To day na today ooooo!! I am on my way to have this lump of cancerous tissue removed from my left breast. I have received so much support and love from my family, friends; the prayers have been raining down and flooding. I am so grateful!!
I have been asked; why are making this public? My answer: am I supposed to be ashamed of talking about it? Will it be the "scarlet letter"? Haba oo!! Ignorance is not bliss. I will talk about it because this is not something to hide.
I love my Igbo heritage and culture, but one unfortunate thing is that we are a secretive culture. There is always some kind of superstition that the natural order of things cannot occur naturally.

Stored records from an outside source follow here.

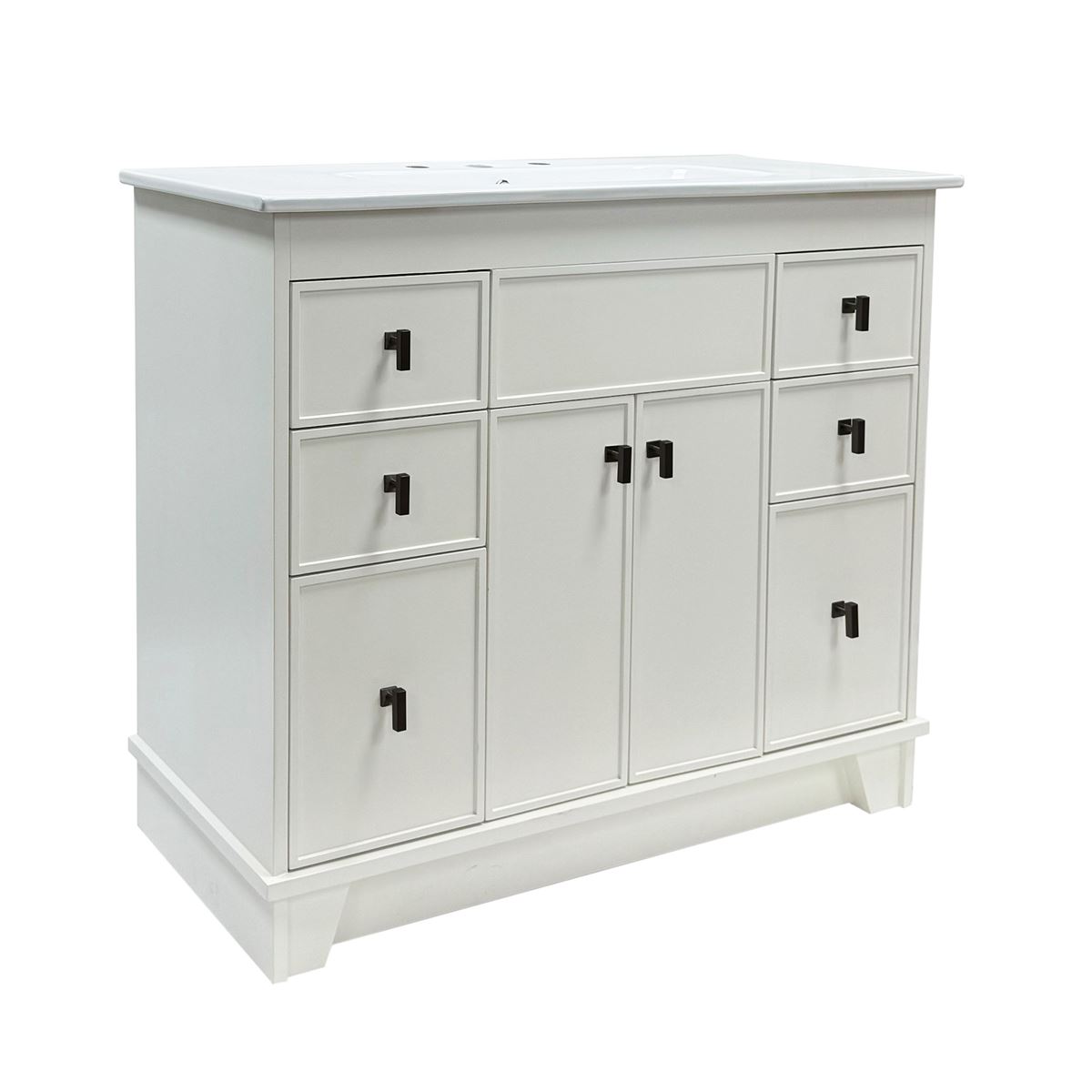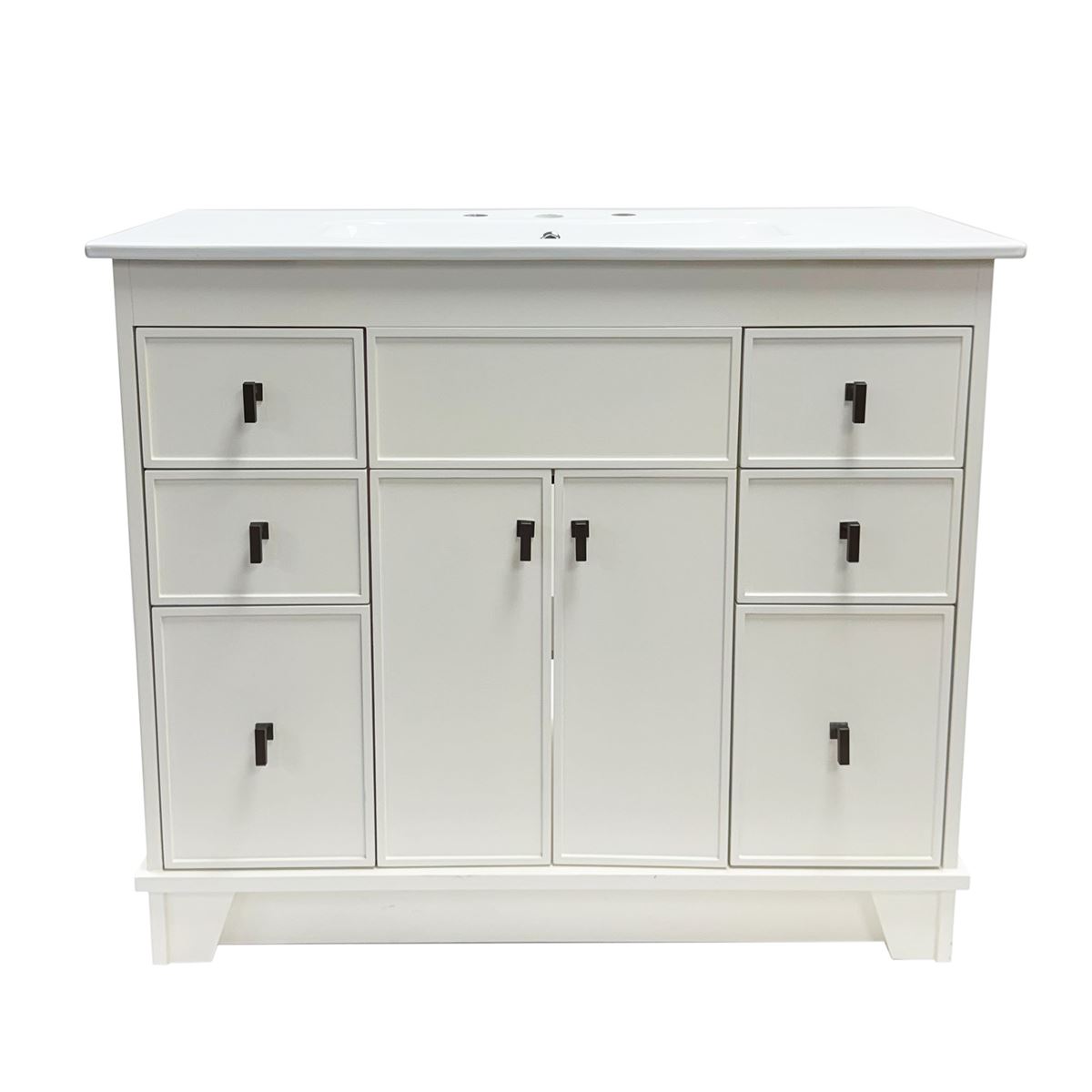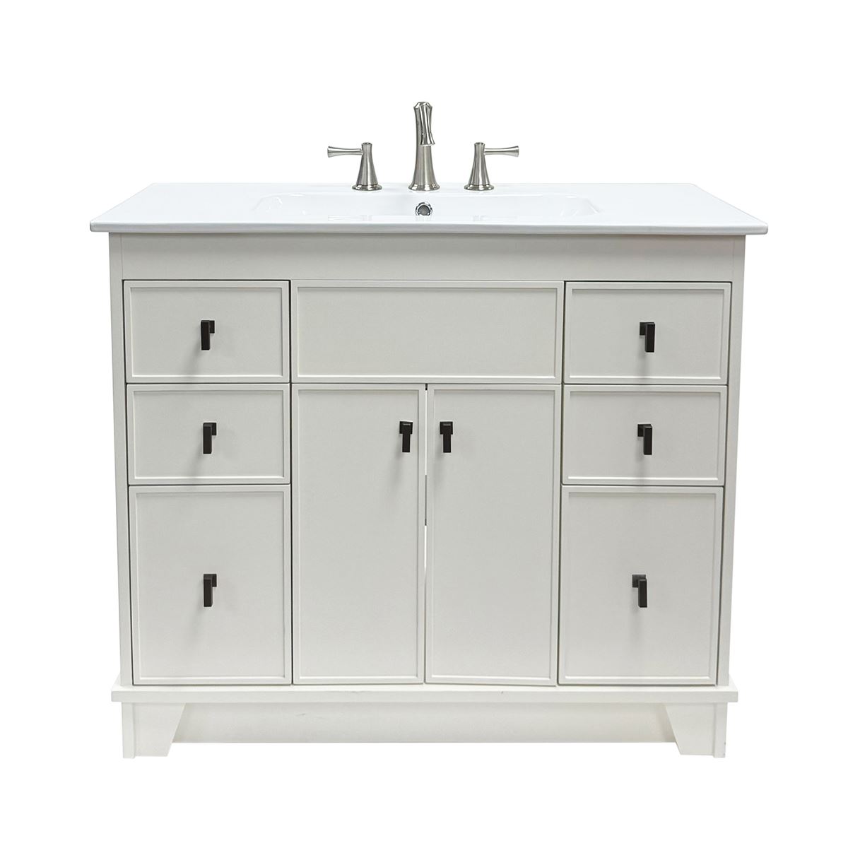 This single bathroom vanity brings clean lines and extra storage space to your main bathroom or guest bath. It's made from solid wood with a fresh, breezy finish that works well with any aesthetic, from coastal to the farmhouse. The 40" wide ceramic sink top surface gives you enough room for your daily use. There are two cabinet doors and six pull-out drawers with inset paneling open up to reveal ample storage space for big and small household items.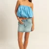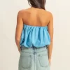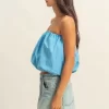 Trendy Strapless Bubble Top – Blue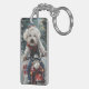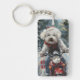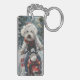 Bichon Frise Dog Riding Motorcycle Christmas Key Ring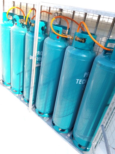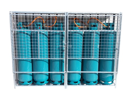 KONTENER STALOWY OSIATKOWANY DO MAGAZYNOWANIA 6 BUTLI 33 KG W RZĘDZIE WRAZ ZESTAWEM POD INSTALACJE GAZOWĄ NA 6 BUTLI WRAZ Z 6 PUSTYMI BUTLAMI 33KG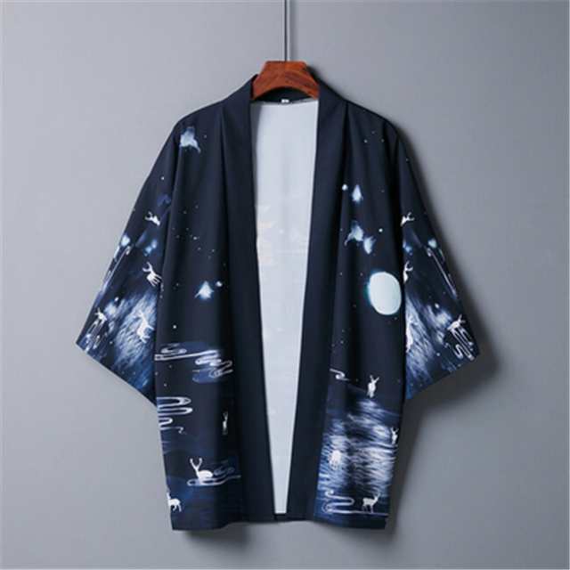 ブラック 男女兼用 鹿柄 夏祭り 夏恋 寺 法被 羽織り 半纏 はんてん 法被 ハッピ 長半纏 半天 袢天 半被 お祭り衣装 雅 和柄 羽織 和装 ユニセックス 浴衣 着物 はっぴスタイル かっこいい かわいい 風物詩 個性的 おしゃれ S/M/L/XL/XXL/XXXL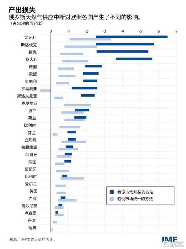 而对于带来的经济影响。IMF表示,若假设市场是一体化的(市场维持如此),则欧盟经济活动可能在2022年上半年萎缩0.2%。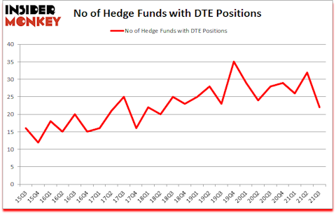 DTE Energy Company (NYSE:DTE) investors should be aware of a decrease in enthusiasm from smart money recently. DTE Energy Company (NYSE:DTE) was in 22 hedge funds’ portfolios at the end of the third quarter of 2021. The all time high for this statistic is 35. Our calculations also showed that DTE isn’t among the 30 most popular stocks among hedge funds (click for Q2 rankings).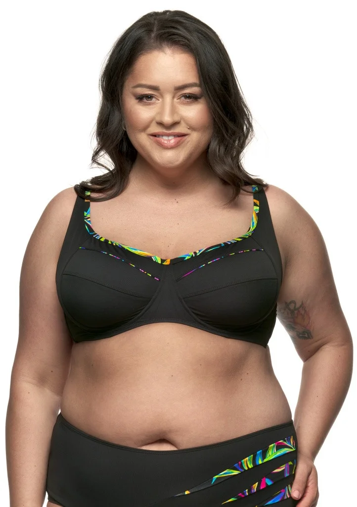 Plavky FANTASY z kolekcie Tropic. Plavková podprsenka nie je vystužená, má kostice a vyšší stred. Má členené košíčky pre dostatočnú oporu aj pre väčšie prsia, ktoré z boku mierne tlačia na prsia. Širšie ramienka sú pevne všité a majú nastaviteľnú dĺžku. Obvod je vyšší, na bokoch vystužený silikónovými kosticami, ktoré sa vám prispôsobia, a je zakončený kovovou sponou na zapínanie. Celý kúsok je podšitý. Podprsenku možno kombinovať s akoukoľvek spodnou bielizňou z rovnakej kolekcie. Zloženie materiálu: 80 % polyamid, 20 % elastan.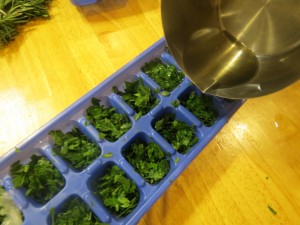 Un truc pe care bucatarii in folosesc pentru a economisi timp si pentru a da savoare mancarii. Pune in tava pentru cuburi de gheata ulei de masline amestecat cu diverse ierburi (salvie, cimbru, busuioc, marar, rozmarin) si bag-o in congelator. De fiecare data cand ai nevoie, poti folosi un cub pentru a da gust mancarii pe care o prepari.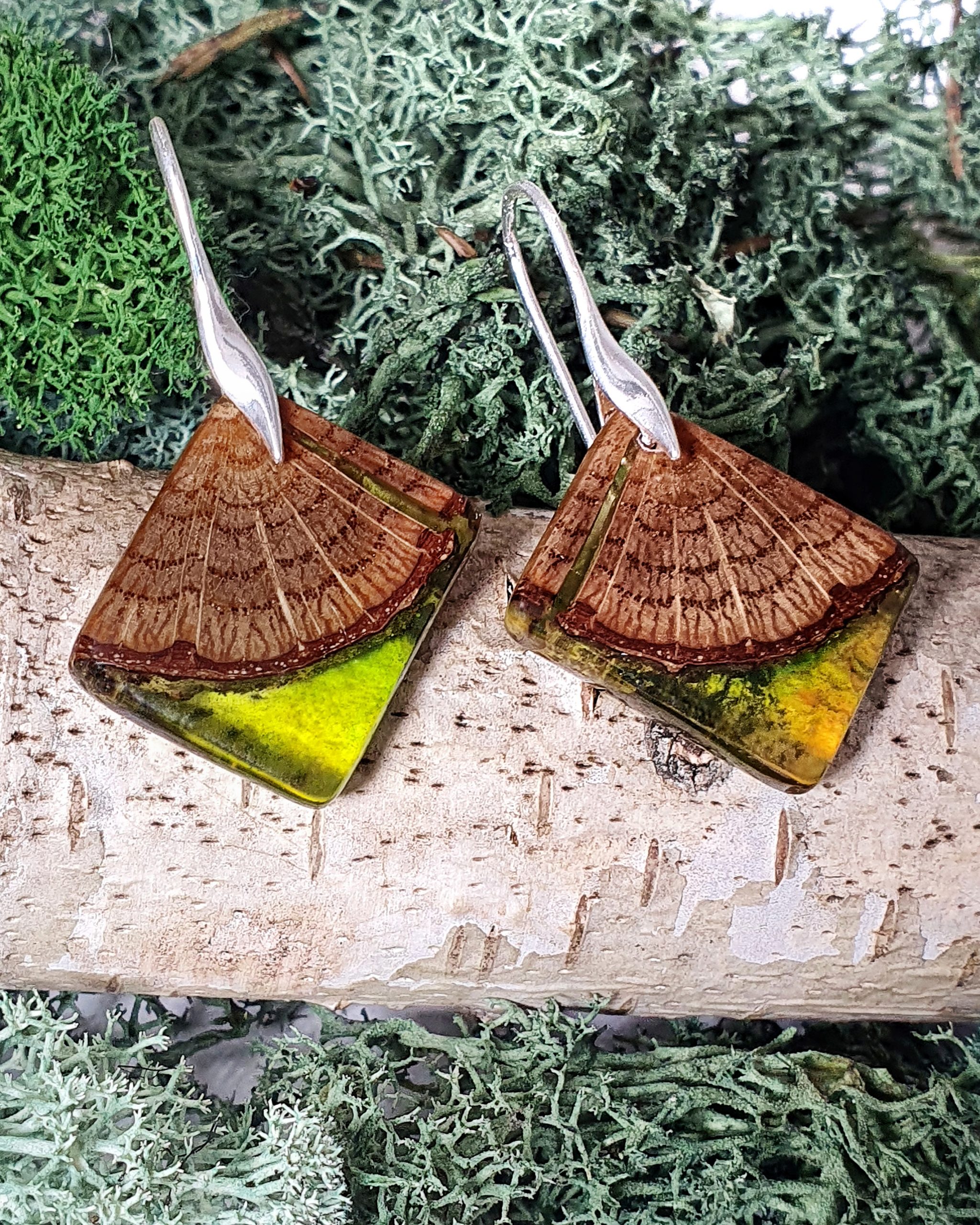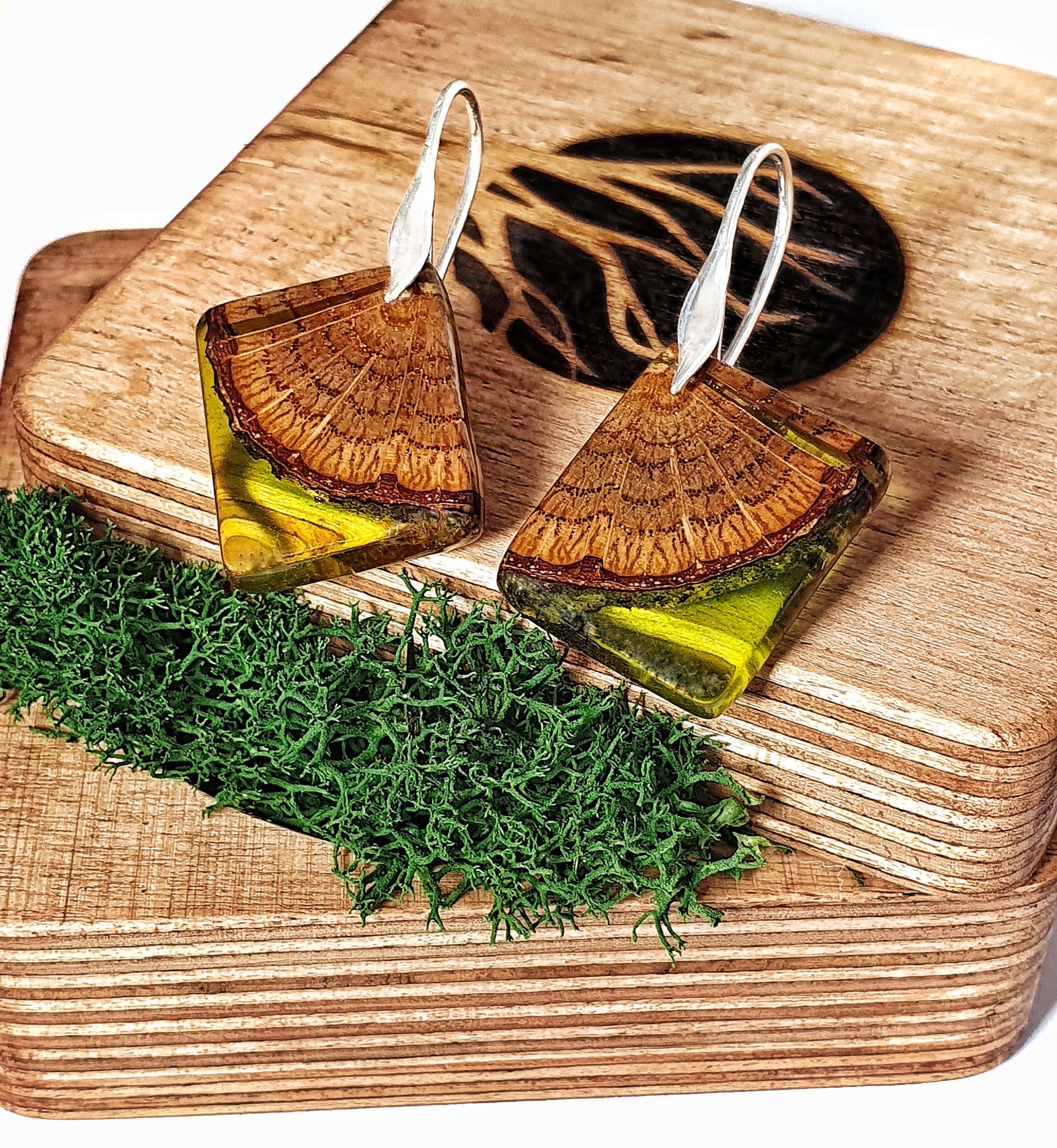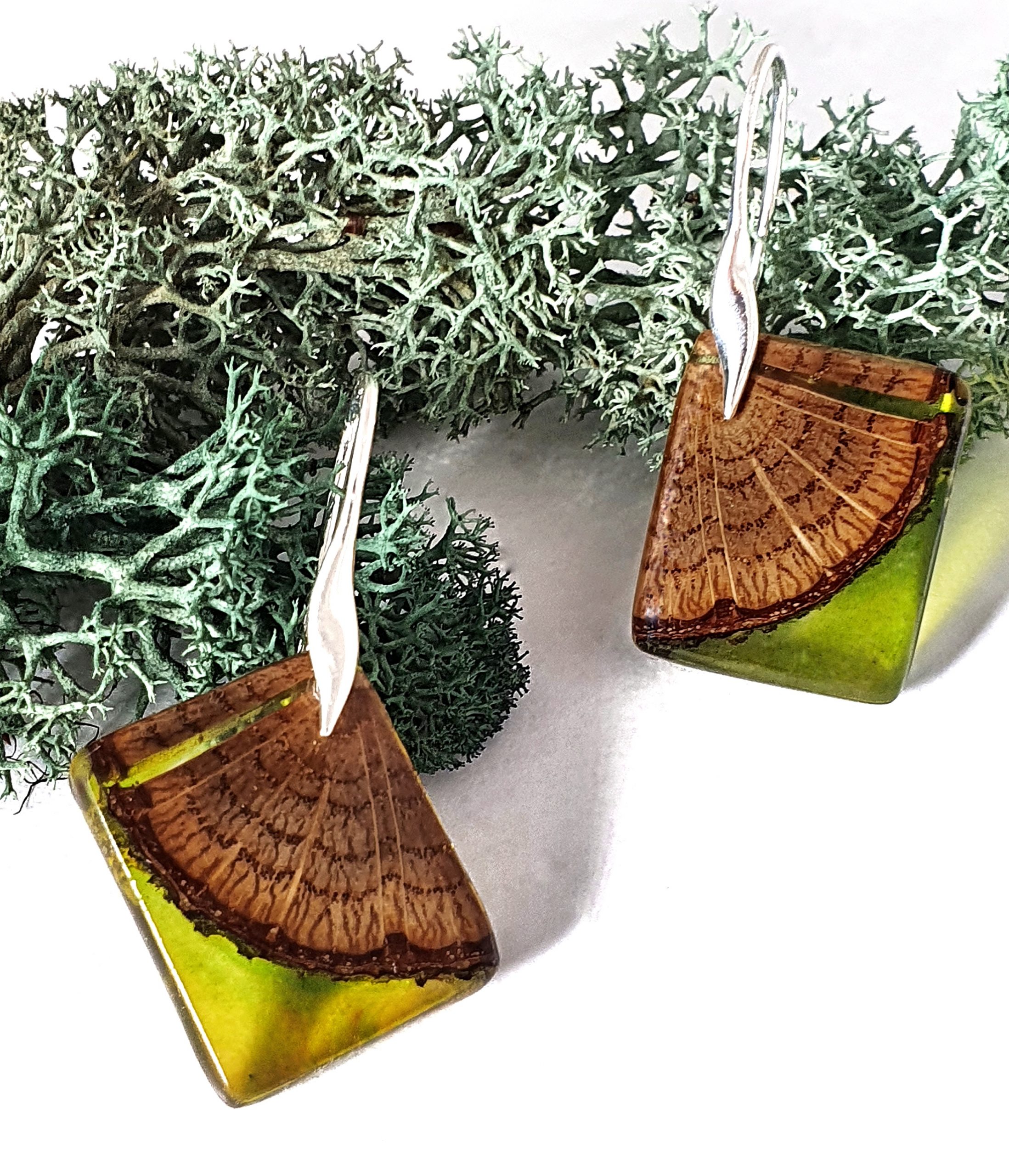 Asymetryczne, niepowtarzalne kolczyki z drewna dębu połączonego z barwioną żywicą na bazie bio-komponentów.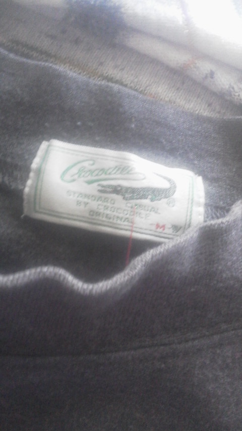 左胸にポケット付きで、その上にワニのワンポイントロゴ刺繍入り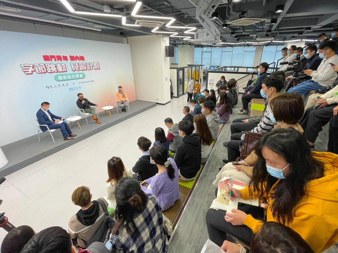 A Direcção dos Serviços para os Assuntos Laborais (DSAL), em cooperação com a “Beijing ByteDance Technology Co. Ltd.” (adiante designada por “ByteDance”), lançou o “Plano de Estágio na ByteDance para Jovens de Macau no Interior da China” (adiante designado por “Plano”). Para que os jovens interessados em integrar no sector da tecnologia de Internet possam conhecer o Plano e as perspectivas de desenvolvimento deste sector, a DSAL realizou hoje (dia 9) uma conferência para lançamento e compartilhamento do Plano no Centro de Incubação de Negócios para os Jovens de Macau, tendo em conta ao número limitado de vagas e ao esgotamento de todas as vagas, assim foi também transmitido em directo o evento ao vivo.

Somebody or something has always caused something.
As for me, I am stepping out of my comfort zone and I believe that the more I open my mouth and discuss this THE MORE I WILL BRING AWARENESS, especially to my sisters who are too busy to take care of themselves or feel that it is one thing that can wait. DON'T IGNORE THE LUMP!!!
Thank you for all the prayers, comments, well-wishes, in the next several hours, I will have an empty space in my breast, where a little piece of annoyance which thought it could ruin my life has been evicted. Stay well and God bless. I will be in touch.
Chidinma
Thursday, October 31, 2013
Tuesday, October 29, 2013
FOR REAL?????
So, I'm brand new to this. I've never blogged, don't know a thing about blogging and I don't follow any blog religiously but here I am.
I'm going to thank my sister in-law for suggesting I do this so I can purge my thoughts and answer questions my mammoth family (whom I am so blessed to have! Otuto diri Yesu!) and a dear friend who also suggested I do this and actually helped and showed me how to set it up.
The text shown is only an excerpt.